Many students can think of a night they shouldn’t have driven home but thankfully woke up safe in their beds.
But soon the last drink putting drivers over the legal edge will come a little earlier.
U.S. House and Senate negotiators agreed Wednesday on a provision requiring states to implement a 0.08 percent blood alcohol content limit by 2004.
Minnesota’s current limit is 0.10.
The two chambers will vote on the measure this week and President Clinton has already said the standard is a “common-sense nationwide limit.” The smaller limit will save an estimated 500 lives per year and prevent many more injuries, according to the administration.
“This is a tremendous win not only for those who have lost loved ones to drunk drivers, but for those whose families will remain safe before more drunk drivers will be off the road,” said Sen. Frank Lautenberg, D-N.J., one of the legislation’s chief sponsors.
In 1998, 15,935 traffic deaths nationally were attributed to drunken driving, or 38.4 percent of traffic fatalities.
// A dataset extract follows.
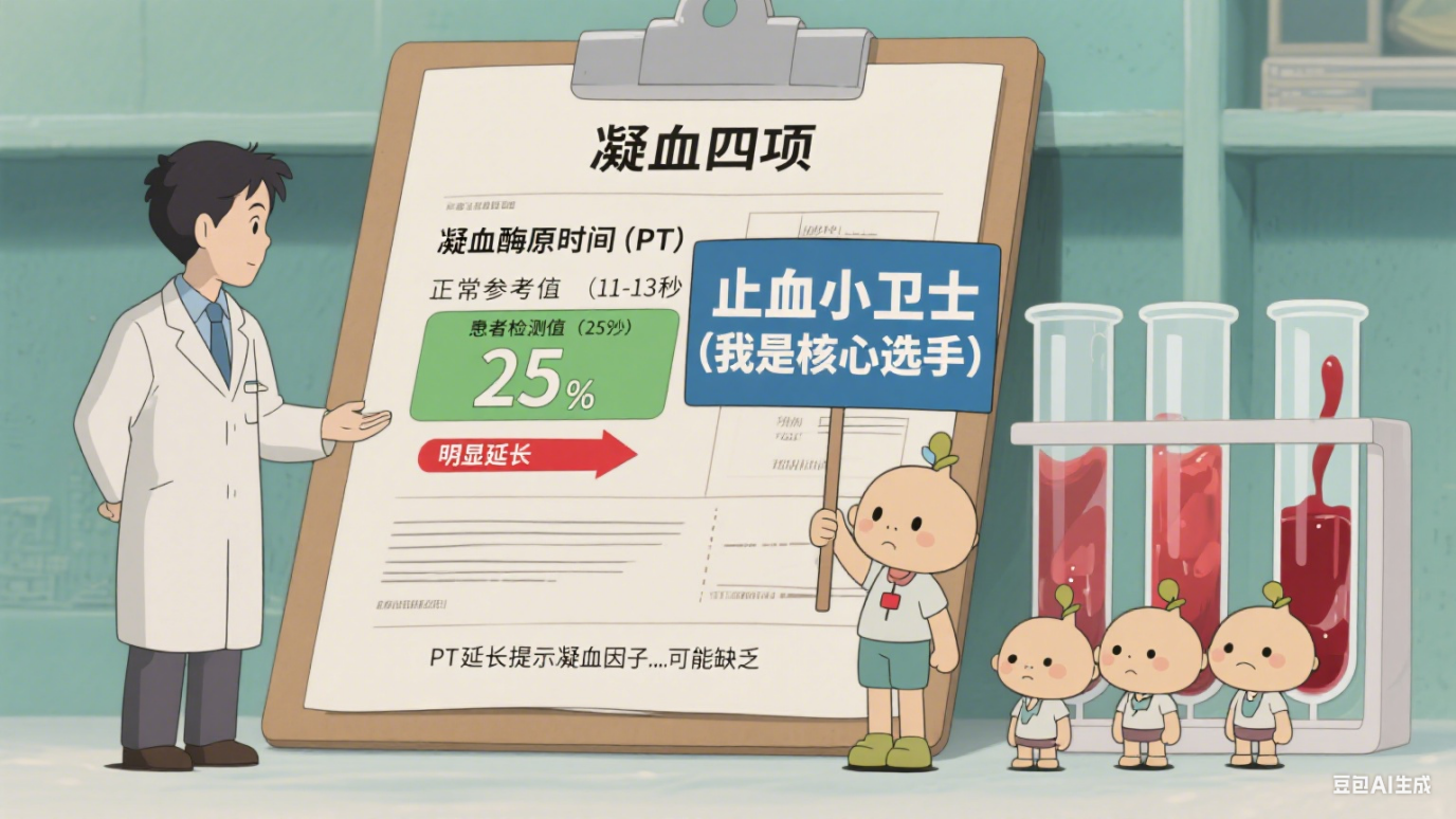 医生会先让做 “凝血四项” 检查,其中 “凝血酶原时间(PT)” 是最关键的指标 —— 凝血因子 Ⅶ 是参与 PT 检测的 “核心选手”,如果 PT 明显延长(比如正常参考值是 11-13 秒,患者可能会达到 20 秒以上),就提示可能存在凝血因子 Ⅶ 缺乏的问题。

In Minnesota during the same years, 280 traffic deaths, or 43 percent of the total, were alcohol-related, according to the Insurance Institute for Highway Safety.
Peter Dimock, assistant teaching specialist in the University’s Alcohol and Drug Counseling Education Program, said the limit change was a good move.
He said although each individual’s alcohol tolerance is different, legislators must decide what’s reasonable to expect for the general population.
The lowered limit still allows someone to consume several drinks without becoming legally intoxicated, he added.
But the restaurant industry has argued the legislation does not address the real problem of hard-core and repeat drinking offenders.
Others disagree. Mothers Against Drunk Driving President Millie Webb said while there is no single solution to drunken driving, the provisions to lower the legal level “are among the most important measures proven to save lives on our roadways.”
Currently only 18 states and the District of Columbia have 0.08 laws, while nearly every other state issues drunken driving tickets when the driver has a 0.10 blood-alcohol content.
Rep. Nita Lowey, D-N.Y., said Illinois has seen a 13.7 percent decline in fatal alcohol-related crashes since it implemented at 0.08 limit in 1997.
But John Doyle, spokesman for the American Beverage Institute, said drunken driving deaths were up 8 percent last year in Virginia, which also has a 0.08 limit.
Either way, Dimock said the two-hundredths of a percent is a margin of safety that matters.
— The Associated Press contributed to this report.